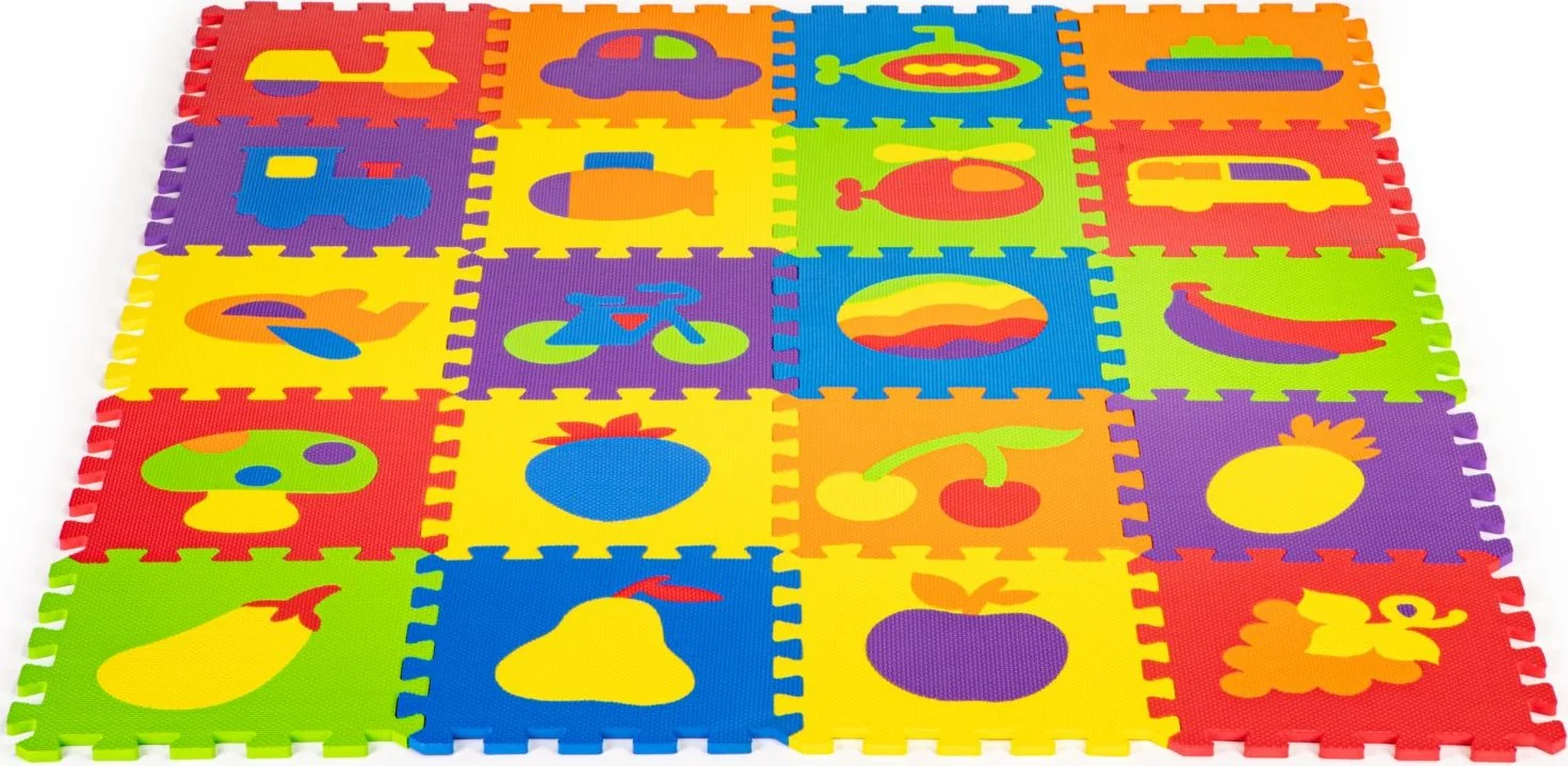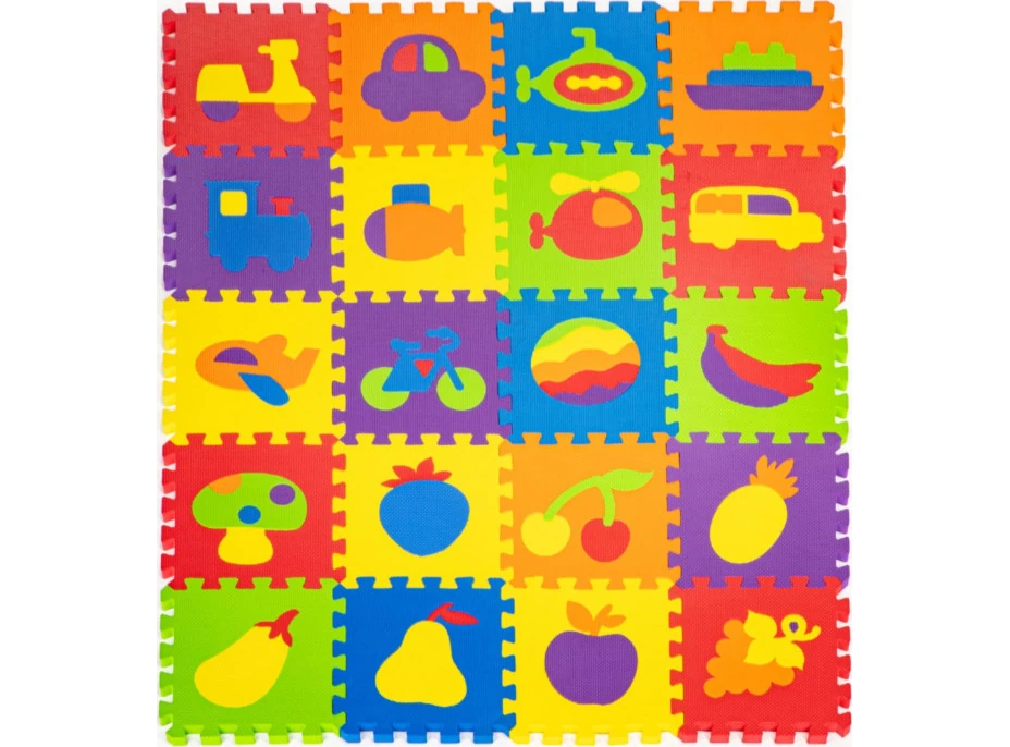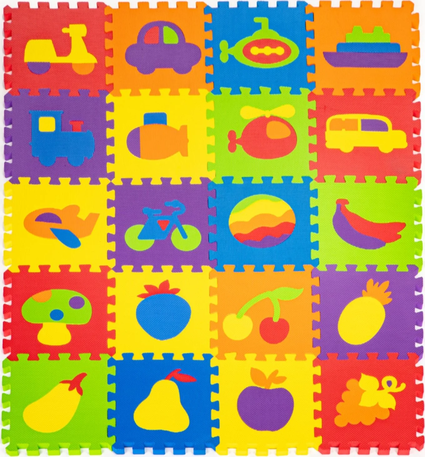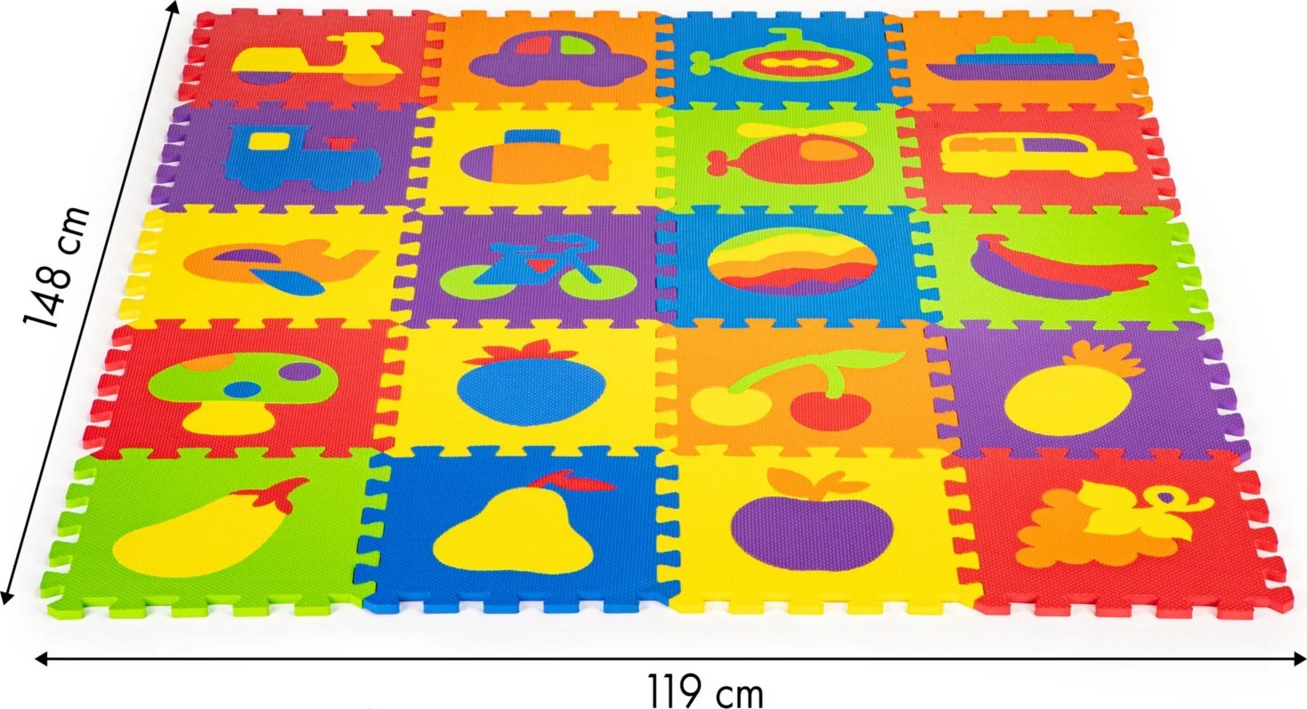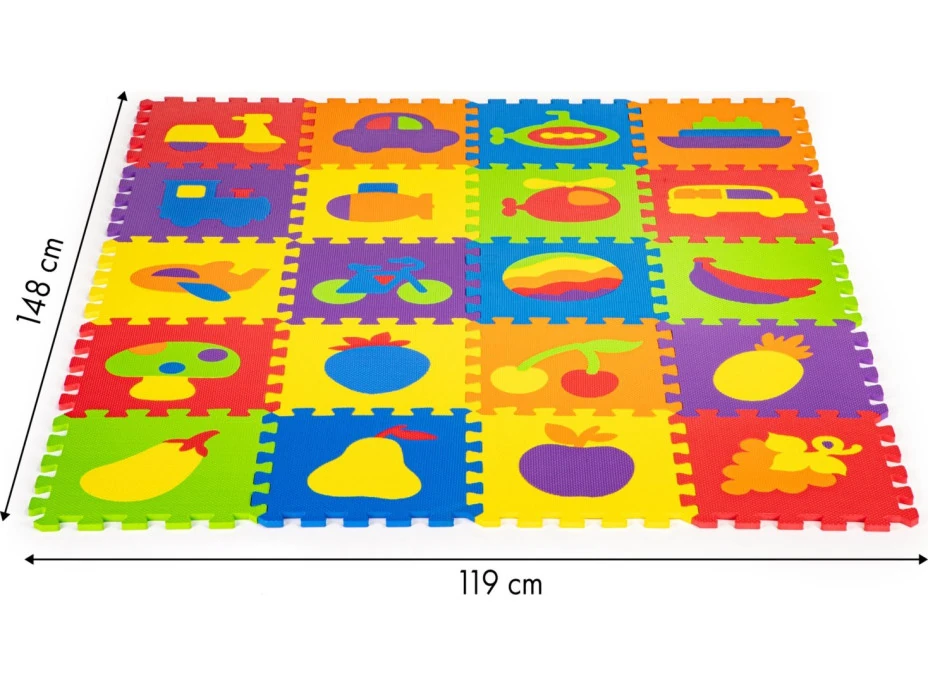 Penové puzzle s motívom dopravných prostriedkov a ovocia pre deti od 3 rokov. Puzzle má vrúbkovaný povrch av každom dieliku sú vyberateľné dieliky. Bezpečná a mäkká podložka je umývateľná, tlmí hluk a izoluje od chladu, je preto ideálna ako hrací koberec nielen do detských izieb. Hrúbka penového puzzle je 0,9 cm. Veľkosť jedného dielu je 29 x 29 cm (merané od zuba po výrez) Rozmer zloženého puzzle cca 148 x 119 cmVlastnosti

___

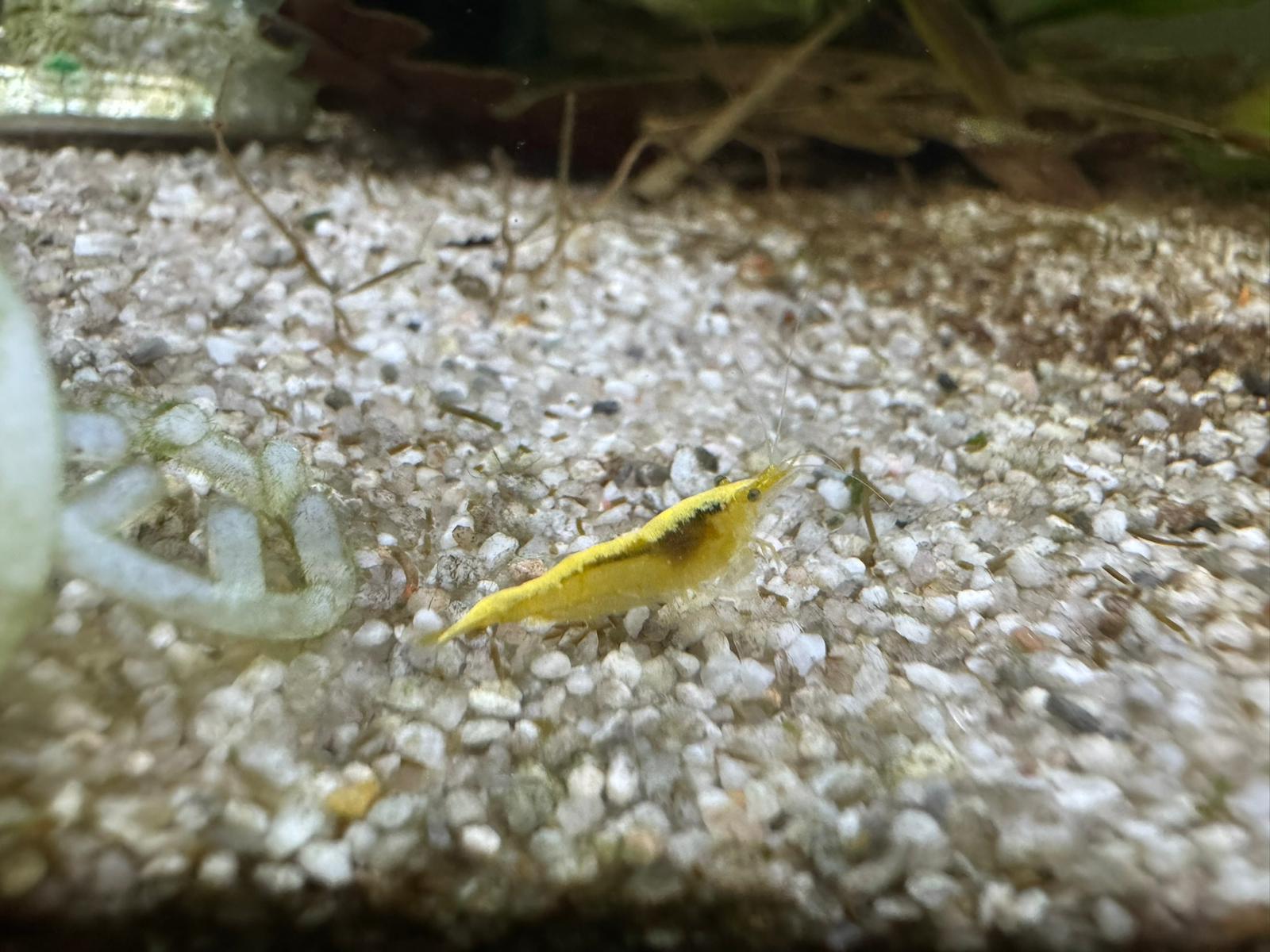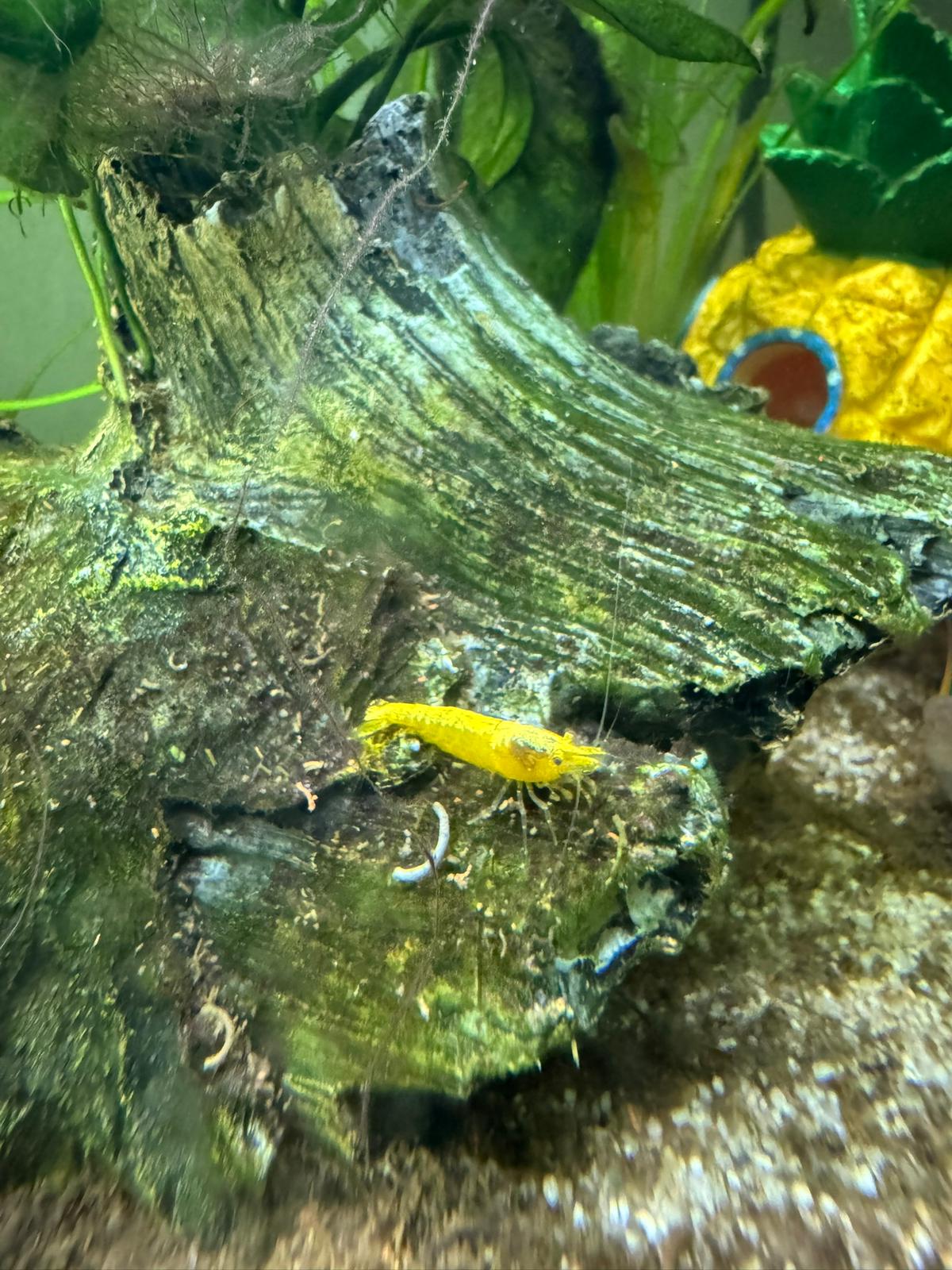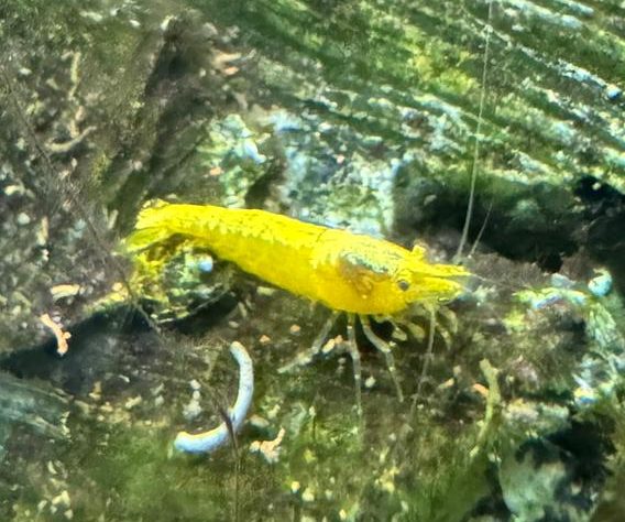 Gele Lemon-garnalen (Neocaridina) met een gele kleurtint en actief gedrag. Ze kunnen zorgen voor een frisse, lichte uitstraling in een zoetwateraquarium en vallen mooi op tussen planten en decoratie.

___

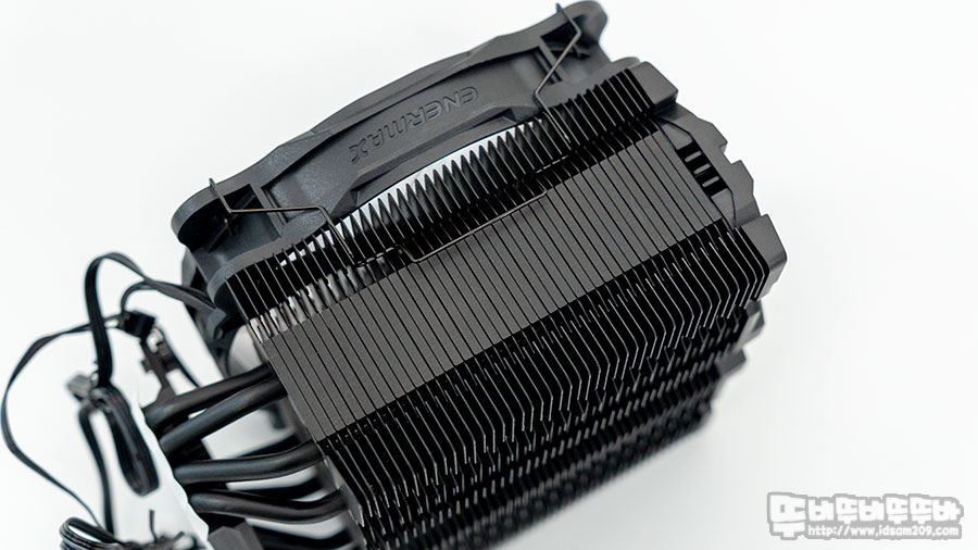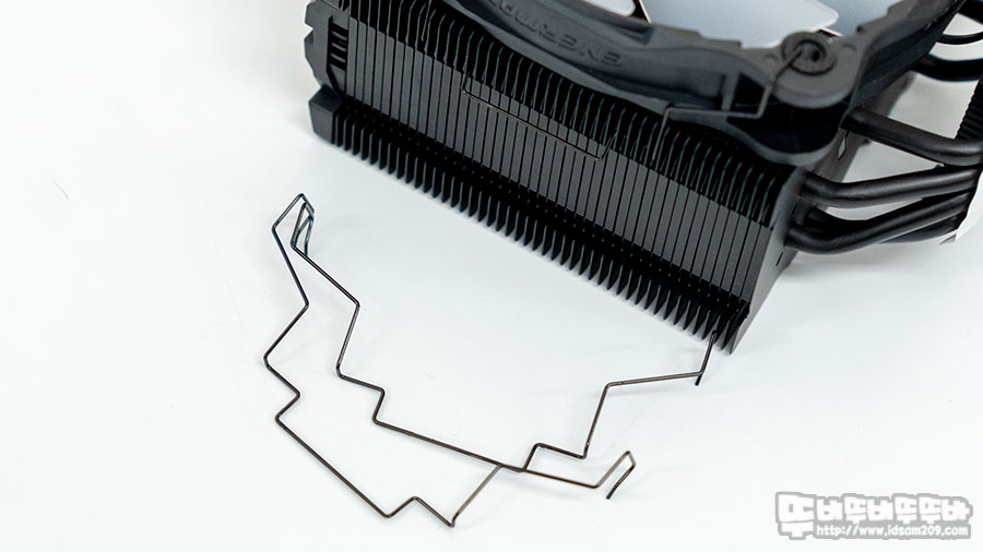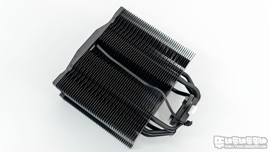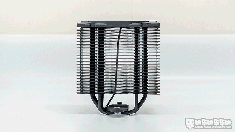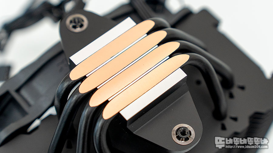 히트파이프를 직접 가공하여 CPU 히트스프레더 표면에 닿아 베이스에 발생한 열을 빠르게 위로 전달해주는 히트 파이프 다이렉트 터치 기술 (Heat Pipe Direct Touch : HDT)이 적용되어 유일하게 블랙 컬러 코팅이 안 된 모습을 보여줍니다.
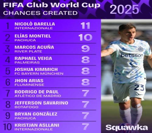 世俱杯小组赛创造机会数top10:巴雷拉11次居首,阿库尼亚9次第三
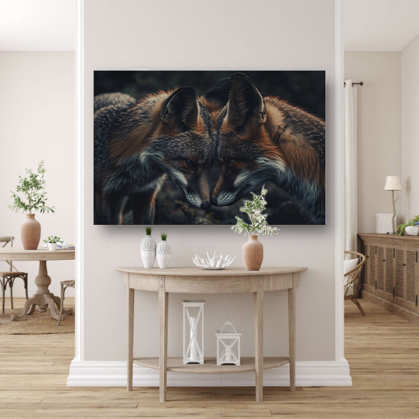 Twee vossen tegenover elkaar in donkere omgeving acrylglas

___

• WORK INSTRUCTIONS
After locating the line containing "히트파이프를 직접 가공하여" in the entries above, return it and every line after it exactly, ending at the line containing "Twee vossen tegenover", without pictures.

• WRITTEN ANSWER
 히트파이프를 직접 가공하여 CPU 히트스프레더 표면에 닿아 베이스에 발생한 열을 빠르게 위로 전달해주는 히트 파이프 다이렉트 터치 기술 (Heat Pipe Direct Touch : HDT)이 적용되어 유일하게 블랙 컬러 코팅이 안 된 모습을 보여줍니다.
 世俱杯小组赛创造机会数top10:巴雷拉11次居首,阿库尼亚9次第三
 Twee vossen tegenover elkaar in donkere omgeving acrylglas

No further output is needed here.